According to a statement from Brett Shannon Johnson, the names and credit card numbers he used for his fraudulent tax-return scam was acquired on the same laptop that he had access to the information inside the office. These actions by Johnson were unnoticed by the agents monitoring him as he threw them off by asking them to monitor audit trails that he asked them to do. Once he was alone, he would research the information he needed for his scam.
“There were two agents with him at all times, and we had a 42-inch plasma (monitor) that projected everything he did on it,” says Neal Dolan. “You’d have to have been asleep not to have seen what he was doing (if he were committing crimes) – and they weren’t. This wasn’t a mafia case where we were going to sit on this guy 24 hours a day. He was told we’d make spot checks on him. But he’s an adult. I told him, if you want to go back to jail then you know what path (to take), and that’s the path he took.”
Johnson’s next step was to purchase several computers and IP addresses in order to not be traced, and file for tax returns using other people’s names and identification. This contributed significantly to the grand total of $2 million dollars he earned over a five-year illegal money-making career. While working as an informant to find illegal activities in cyber crime websites and then reveal them to the government, Johnson managed to put up two of his own illegal websites – CardersMarket and ScandinavianCarding.
Johnson’s case has proved to be fodder for many critics of using convicted offenders as informants and on top of this, paying them a stipend. It has also raised many questions as to the proper monitoring and surveillance allotted to these informants. Dolan reasons out that while these informants may have been given a chance to make up for their crimes, the decision to continue doing so or returning to the path of crime is theirs to make.
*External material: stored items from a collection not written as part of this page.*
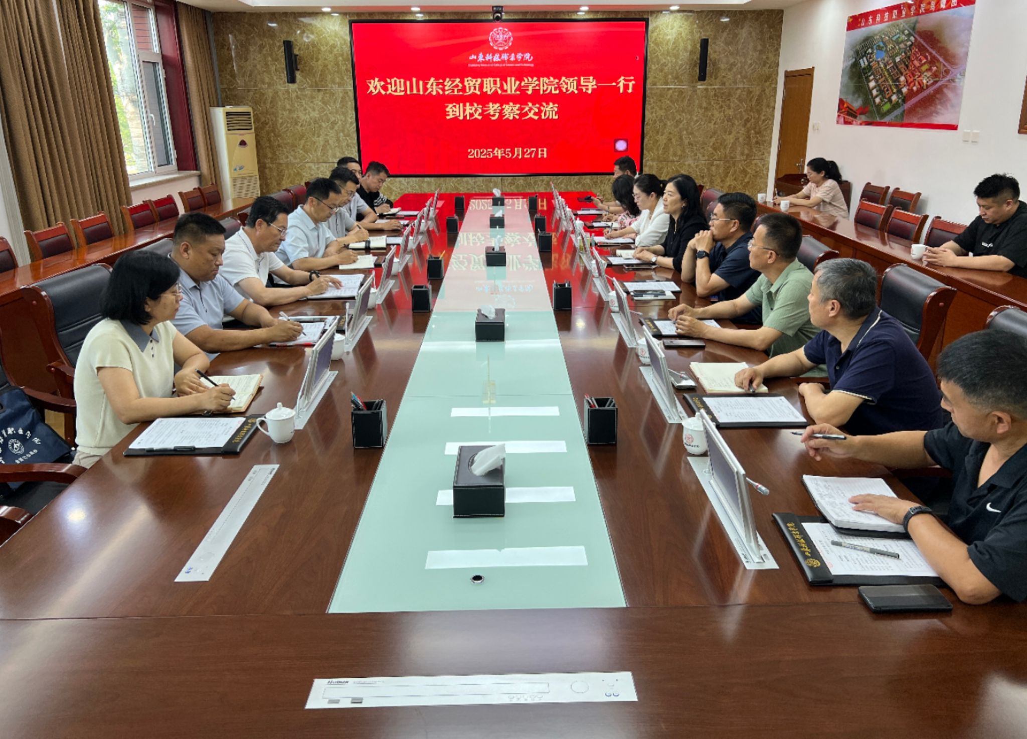 5月27日,山東經貿職業學院黨委委員、副院長馬起朋一行7人到訪我校。就學生食堂餐飲服務保障、基建建設、校園維修、綠化等方面進行了深入交流,學校黨委委員、副校長徐曉雁會見來訪客人并座談交流。財務處、基建處、后勤服務管理處相關人員參加座談。
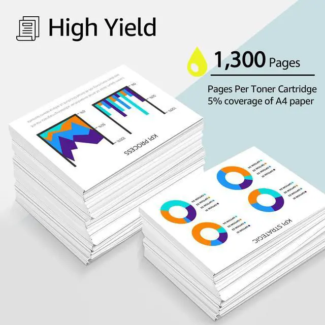 Page Yield : 1,300 pages per toner cartridge at 5% Coverage of letter/A4.
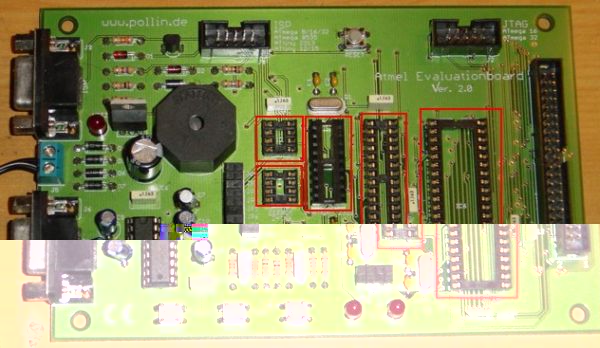 Die rot markierten Vierecke, sind die IC-Sockets für die verschiedenen Microcontrollern.
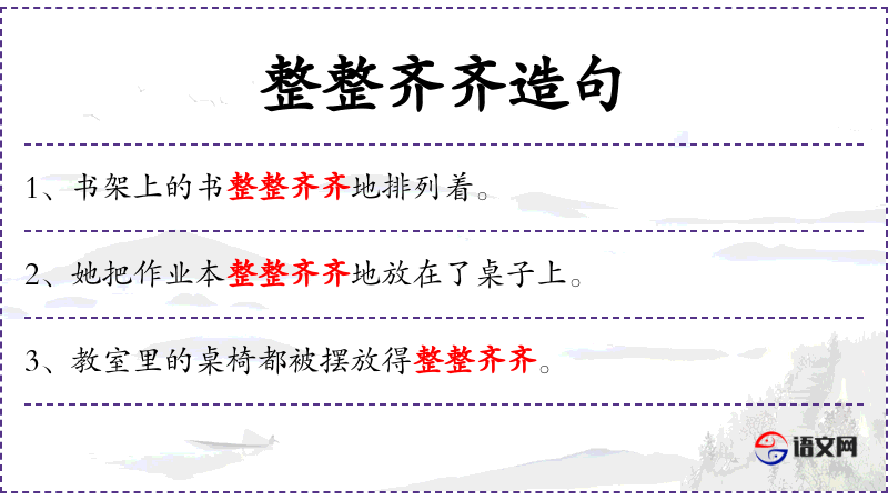 - 状语:整整齐齐
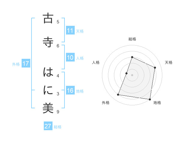 古寺 はに美さんを姓名の画数から五運を鑑定
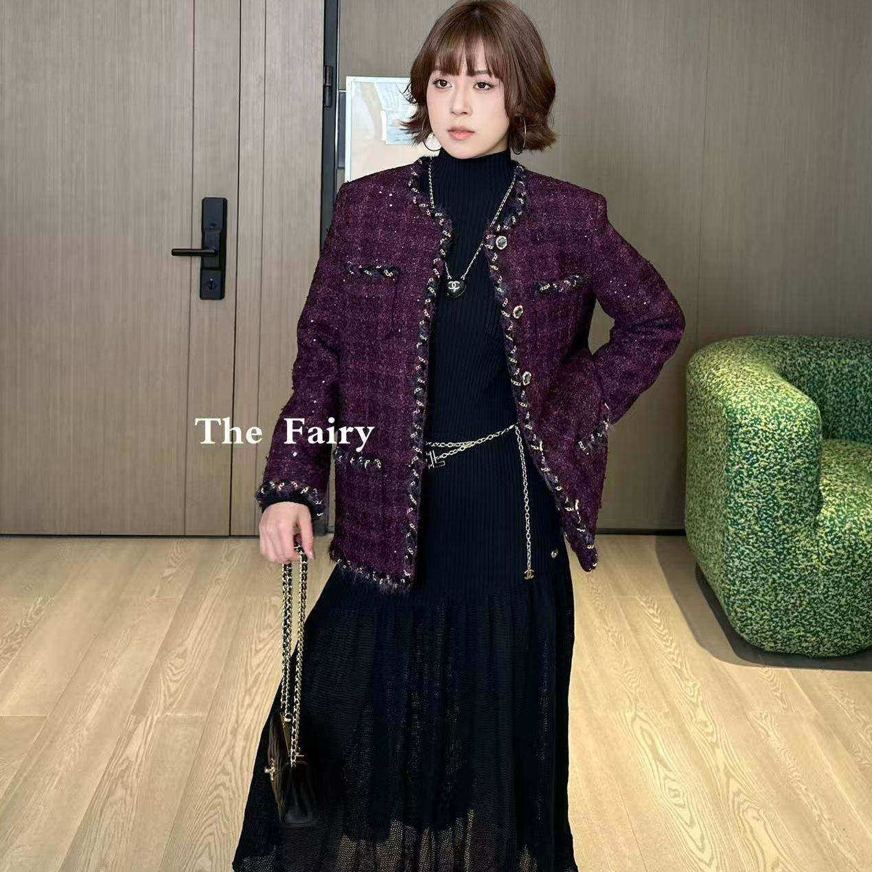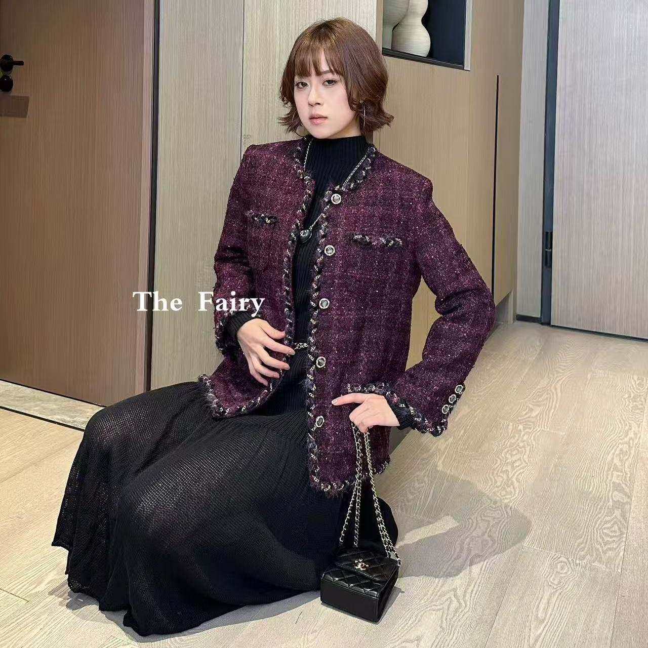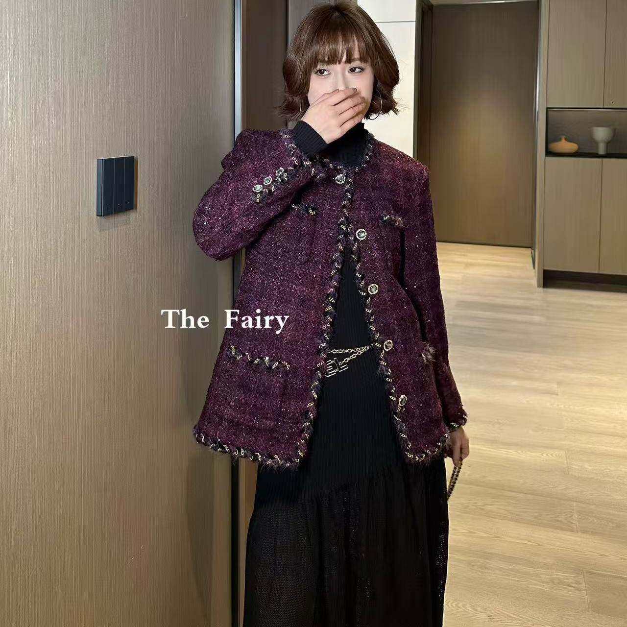 好漂亮好漂亮紫色重工小香风外套女2025年冬季新款短上衣名媛气质
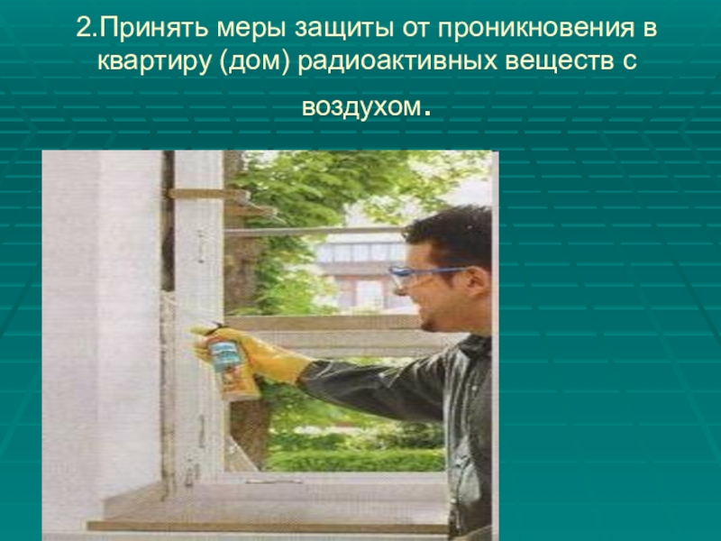 Слайд 362.Принять меры защиты от проникновения в квартиру (дом) радиоактивных веществ с

Johnson himself says that putting him in that situation was like “taking an unrehabilitated crack or heroin addict and placing him in a drug environment, telling him not to use drugs.”
“I would place myself in the top five or 10 for doing what I do. Hopefully, I can find a way to make it benefit people instead of hurting them,” says Johnson. “And yeah, I’m sorry for what I’ve done.”
Unfortunately, it is virtually impossible to have any raw statistics of how prevalent these infomants-turned-rogues scenarios are. Most of these cases are under strict confidentiality, thus only a small number of cases reach the media’s attention.